Ms. Tree didn’t debut in her own title, though, which accounts for the eight page chapters originally serialised in an anthology. The somewhat cumbersomely titled ‘I for an Eye’ starts by showing how the tough as nails private eye came to be, the starting point a good shock ending to the opening chapter for anyone who doesn’t know her full story. She’d once been a policewoman, quit to work in a detective agency, and then took that agency over.
Collins had written Dick Tracy newspaper strip for several years before Ms. Tree, and applying the same techniques results in an incredibly fast-paced story with something of substance taking place in every panel, and it being rare that any scene continues longer than a page. The result is all characterisation being very broad and servicing the plot, and too many occasions when someone is shot just before revealing vital evidence.
Beatty’s art evolves considerably over the first few chapters. He starts by adopting a slightly more finessed version of the style used for 1940s detective comics, which develops into less noir and more open illustrations. Over this entire collection, though, he never loses a stiffness making it seem as if the cast are posing in many panels.
The fast pace continues until the final page, although there’s a reasonable chance readers will figure out the person behind much of what goes on before Ms. Tree does, a narrative casualty of having to introduce a large cast in short chapters. Other aspects will still surprise, though, as Collins unfurls a broad ranging plot, but it’s a promising start rather than the real deal.
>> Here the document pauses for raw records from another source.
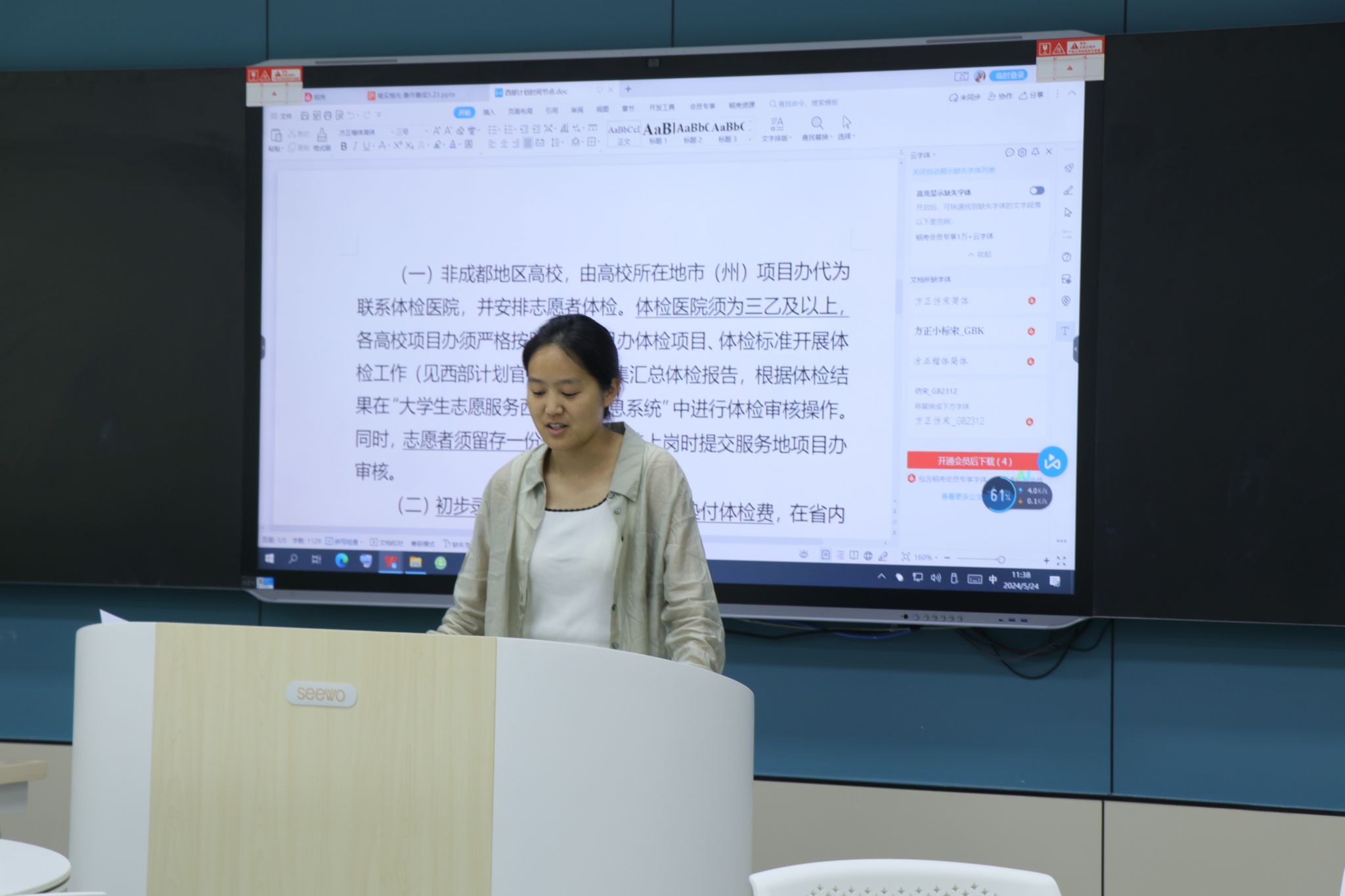 团委赵玉仙结合近期上级团组织工作部署,向参会团干部重点培训了“团员组织关系转接、国家西部计划志愿者项目、高校筑梦扬帆计划、团团微就业”等与共青团业务相关的就业帮扶工作。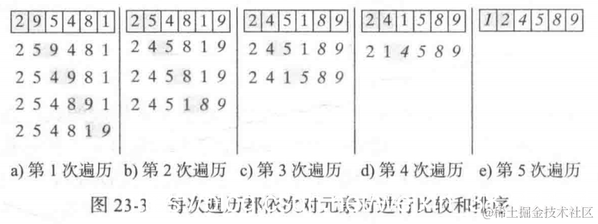 (4)持续每次对越来越少的元素重复上面的步骤,直到没有任何一对数字需要比较。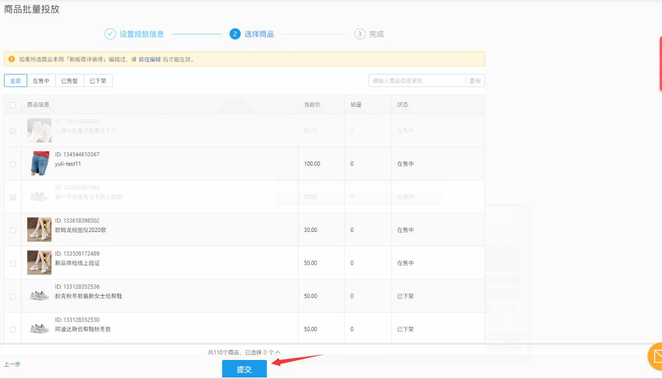 8、在商品列表中,勾选需要批量投放的拼多多商详,并点击“提交”按钮。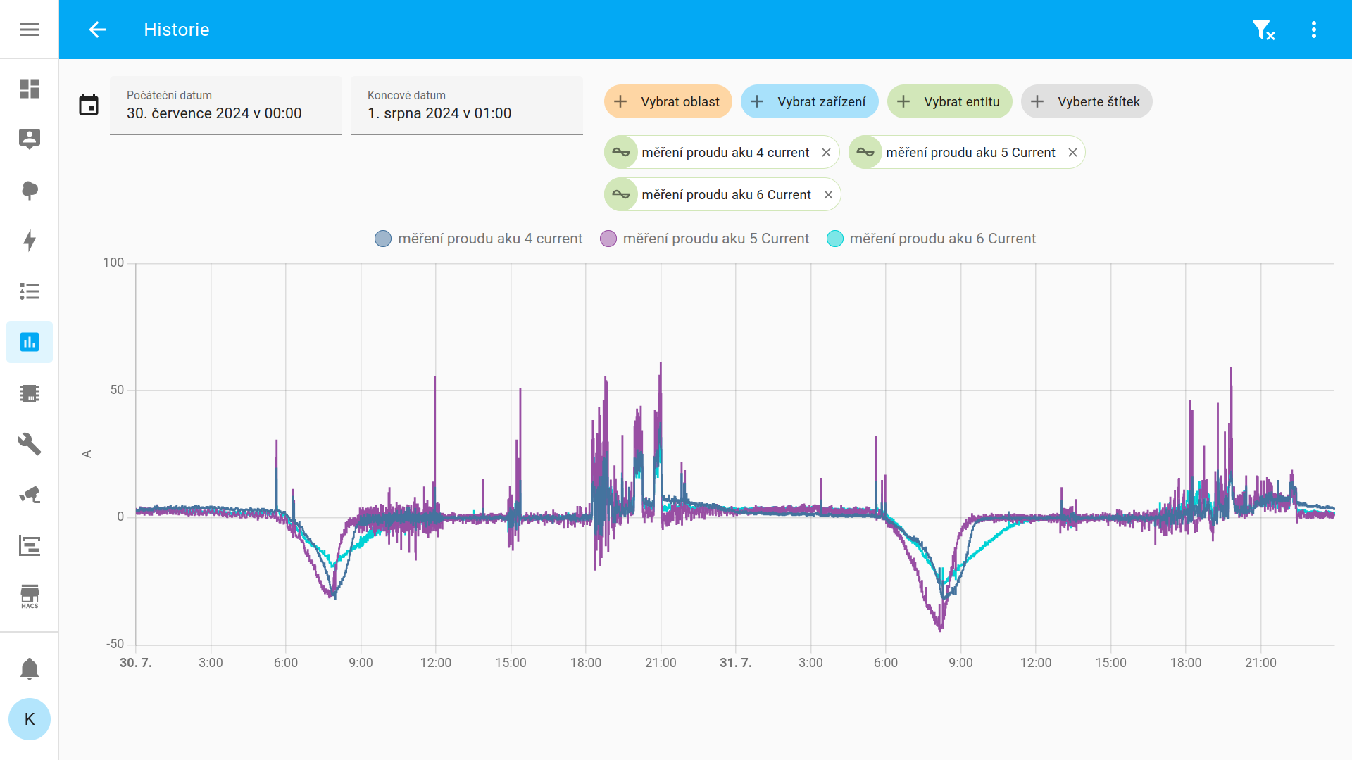 Nakonec nejuniverzálnější a nejlevnější je si to poskládat sám. Namátkou tady mám pod ESPhome měření DC proudu s INA226. Takto to vypadá ve webovském prohlížeči, když to přicvaknu na bočník, přes který jde vše z baterií: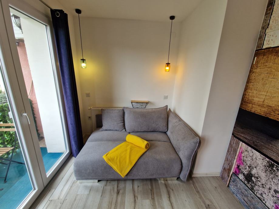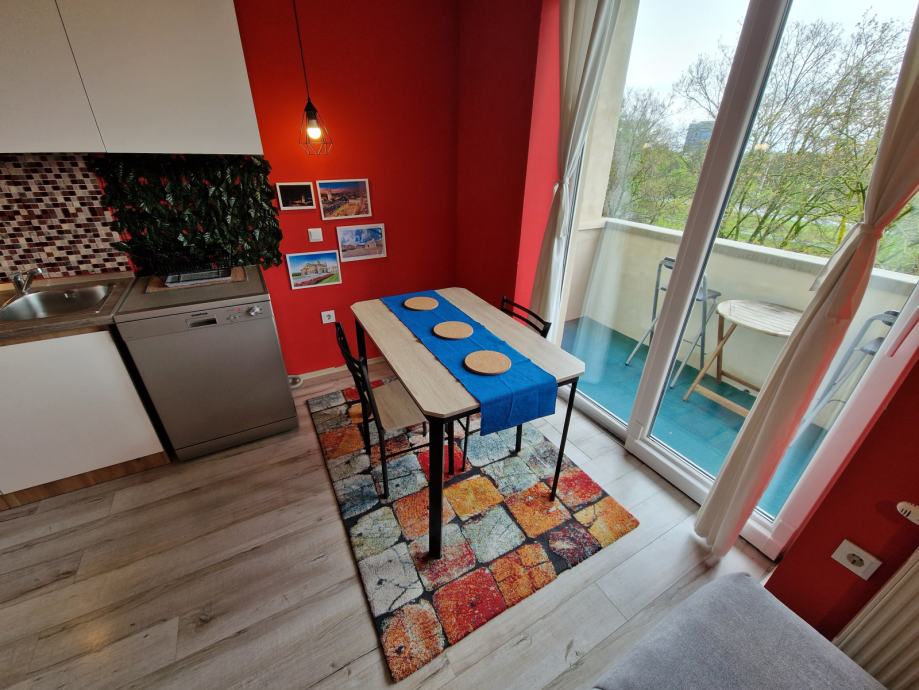 Iznajmljuje se namješten jednosobni stan površine 48m2 na odličnoj lokaciji u mirnoj obiteljskoj zgradi na Vrbiku (rozna zgrada istočno od 'raketa') bez lifta na četvrtom katu.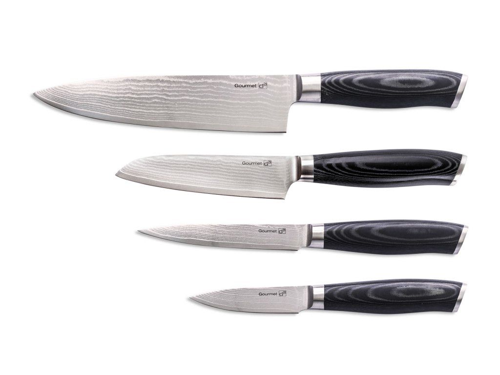 Sada čtyř vysoce kvalitních nožů G21 Gourmet Damascus z damascénské oceli s vámi bude krájet, ořezávat i porcovat. Z běžného vaření vytvoří zábavu, kterou ocení každý správný kuchař i nenasytný strávník. V sadě najdete nůž šéfkuchaře s délkou 21 cm, univerzální nůž a Santoku nůž s délkou 13 cm a jeden univerzální nůž s čepelí o délce 9 cm. Dále pak bambusový blok pro bezpečné ukládání nožů a brusný kámen se zrnitostí 1000/6000 s vodítkem.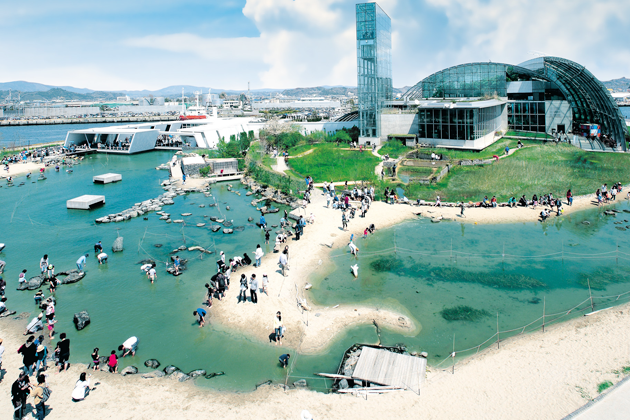 もちろん、当館には大水槽を含めた魚の展示や、手で触れることができるタッチプールも普通の水族館と同じようにあります。でもそれだけじゃなく、もう少し大きな自然を再現したいという思いから、「蛇の目ビーチ」という磯、干潟、浜辺からできた屋外体験施設を作りました。造波装置で波も出しています。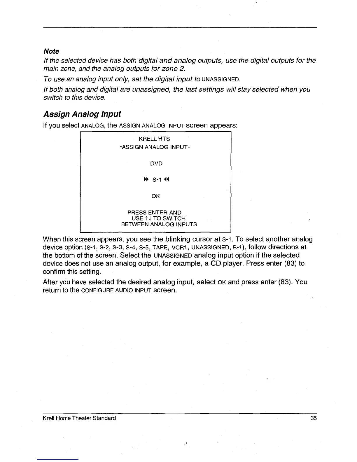 device does not use an analog output, for example, a CD player. Press enter (83)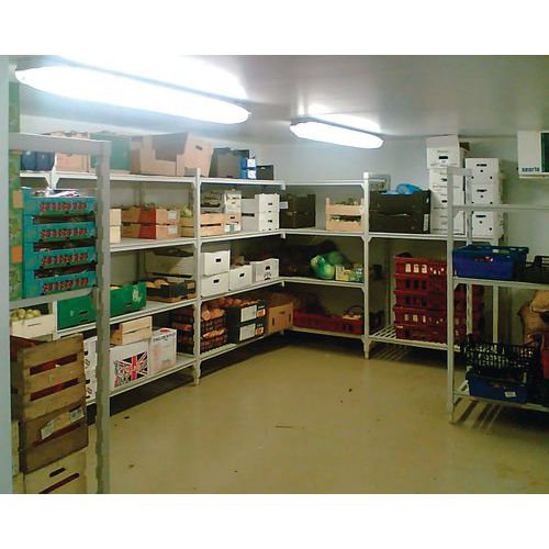 A estante corresponde às exigências de segurança sanitárias dos produtos alimentares. Estrutura robusta com material de cobertura em polipropileno e núcleo em aço. Extensível através do acrescento de um ou mais elementos adicionais, conforme a configuração pretendida. Higiénica, estrutura de limpeza muito fácil. A instalação da estante é rápida e fácil, sem parafusos.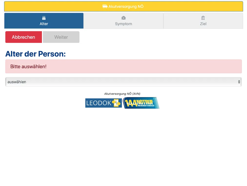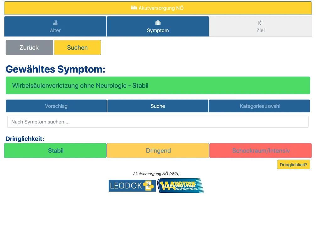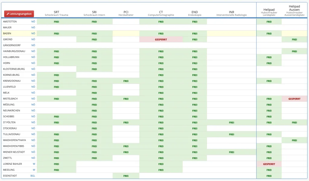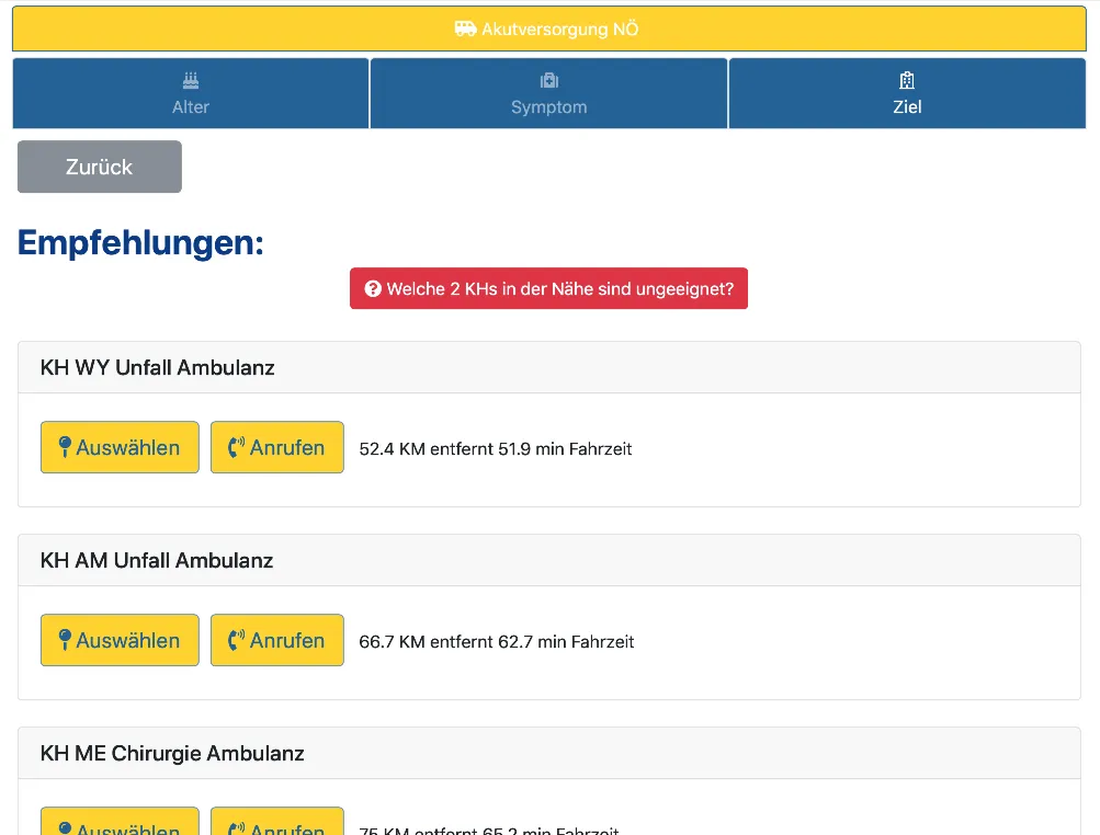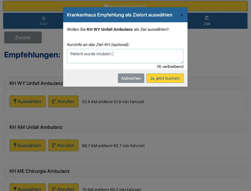 Der NÖ Akutversorgungsnachweis kann aufgrund der eingegebenen Daten und der hinterlegten Kapazitäten einen qualifizierten Vorschlag der nächstgelegenen, geeigneten Krankenhäuser erstellen. Trotzdem ist die Fahrzeugmannschaft bzw. der Notarzt IMMER für die entscheidende Auswahl des Ziel-Krankenhauses verantwortlich.

‘Death Do Us Part’ is better. Collins adjusts to what can be done in eight page chapters, making greater use of the available space, slowing down the pace, and lingering longer at the locations. He provides a clever continuation of the first story, that of lives moving on and loose ends dangling rather than a contrived scenario. Ms. Tree begins to look at the bigger picture and the mobs who pulled the strings of the crooks in the opening story, and all trails lead back to the Muerta family. He also adds depth to Ms. Tree’s character, and it’s here that the extremely capable, but not necessarily very likeable personality begins to evolve.
Paperback format reprints of the earliest Ms. Tree stories continue with The Cold Dish. Alternatively, these two stories are combined with that story in the 2021 Hard Case hardcover also titled The Cold Dish.